***** The data *****
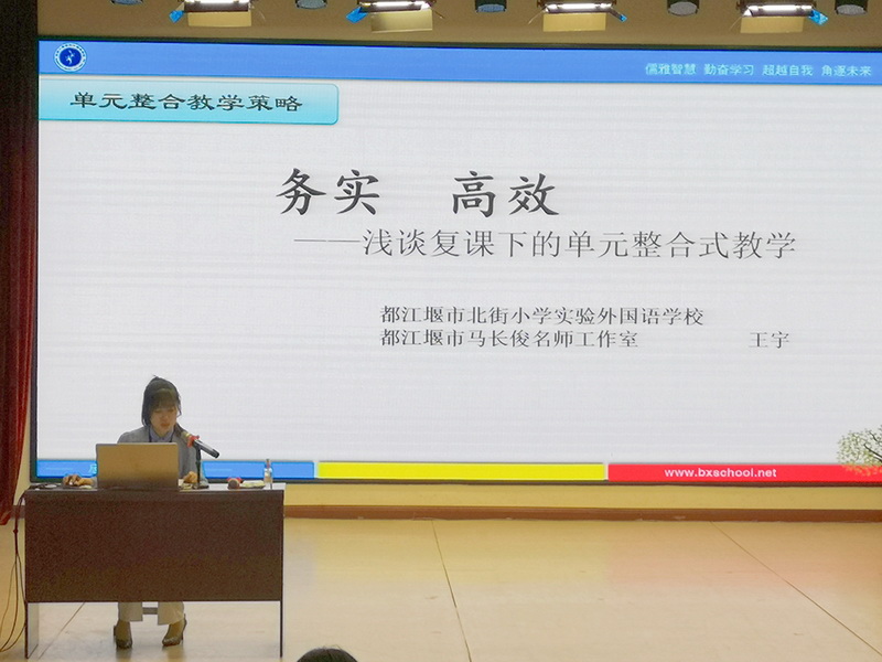 我校王宇老师就“单元整合式教学策略”和老师们做了分享报告。
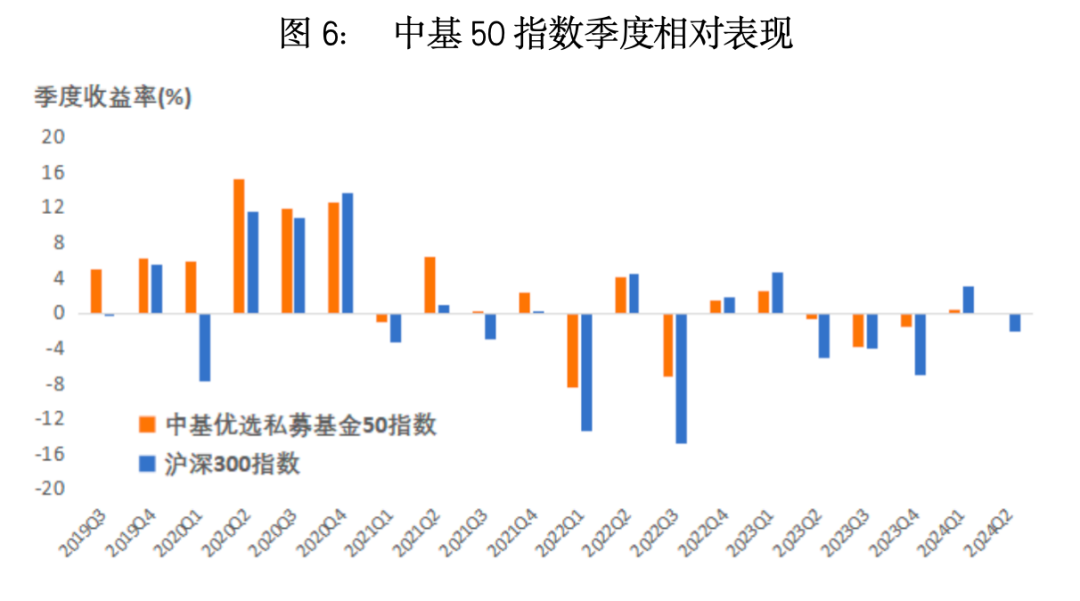 在自2019年第三季度起至今的20个季度中,中基优选私募基金50指数有15个季度跑赢指数,尤其是在沪深300指数出现下跌的10个季度中,中基50指数均跑赢沪深300指数。
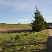 На участке высажены и уже плодоносят сортовые яблони, со стороны соседей высажены взрослые туи.
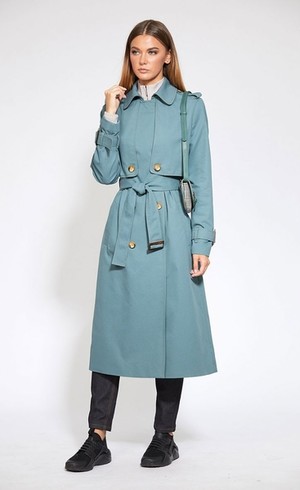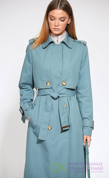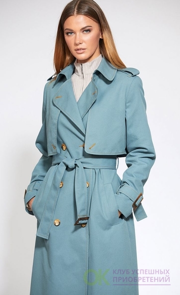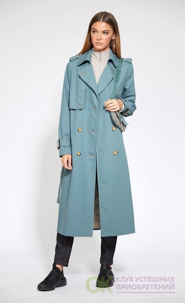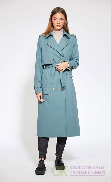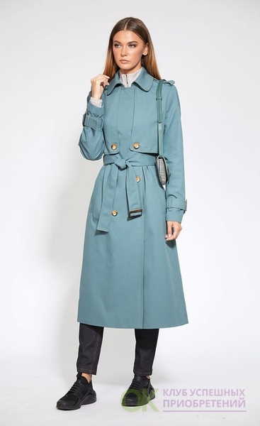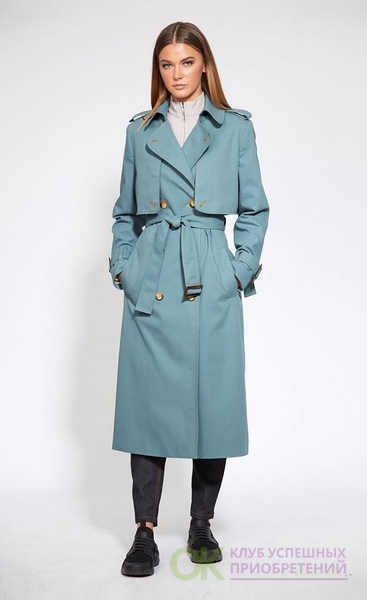 Сезон: Мультисезон, Рост: 170см., Состав ткани: Хлопок 72%; ПЭ 26%; ПУ 2%; подкладка- ПЭ 100%., Тип одежды: Верхняя одежда Описание: Цвет: серо-мятный. Плащ выполнен из однотонной х/б ткани. Плащ двубортный, с застёжкой на пуговицы, воротник на притачной стойке. По переду и спинке отлетные детали в виде кокеток. По переду прорезные карманы с листочкой. Рукав втачной с патами, застёгивающимися на пряжку. По плечевым швам погоны пристёгиваются на пуговицу. Плащ на подкладке. Длина плаща: р.44-48 - 117 см, р.50-54 - 119 см. Длина рукава: р.44-48 - 61,5 см, р.50-54 - 63 см.
*****
#### [Exercise instructions]
Produce a verbatim transcription of every line in the listing, images omitted.

#### [Response to this task]
 我校王宇老师就“单元整合式教学策略”和老师们做了分享报告。
 在自2019年第三季度起至今的20个季度中,中基优选私募基金50指数有15个季度跑赢指数,尤其是在沪深300指数出现下跌的10个季度中,中基50指数均跑赢沪深300指数。
 На участке высажены и уже плодоносят сортовые яблони, со стороны соседей высажены взрослые туи.
 Сезон: Мультисезон, Рост: 170см., Состав ткани: Хлопок 72%; ПЭ 26%; ПУ 2%; подкладка- ПЭ 100%., Тип одежды: Верхняя одежда Описание: Цвет: серо-мятный. Плащ выполнен из однотонной х/б ткани. Плащ двубортный, с застёжкой на пуговицы, воротник на притачной стойке. По переду и спинке отлетные детали в виде кокеток. По переду прорезные карманы с листочкой. Рукав втачной с патами, застёгивающимися на пряжку. По плечевым швам погоны пристёгиваются на пуговицу. Плащ на подкладке. Длина плаща: р.44-48 - 117 см, р.50-54 - 119 см. Длина рукава: р.44-48 - 61,5 см, р.50-54 - 63 см.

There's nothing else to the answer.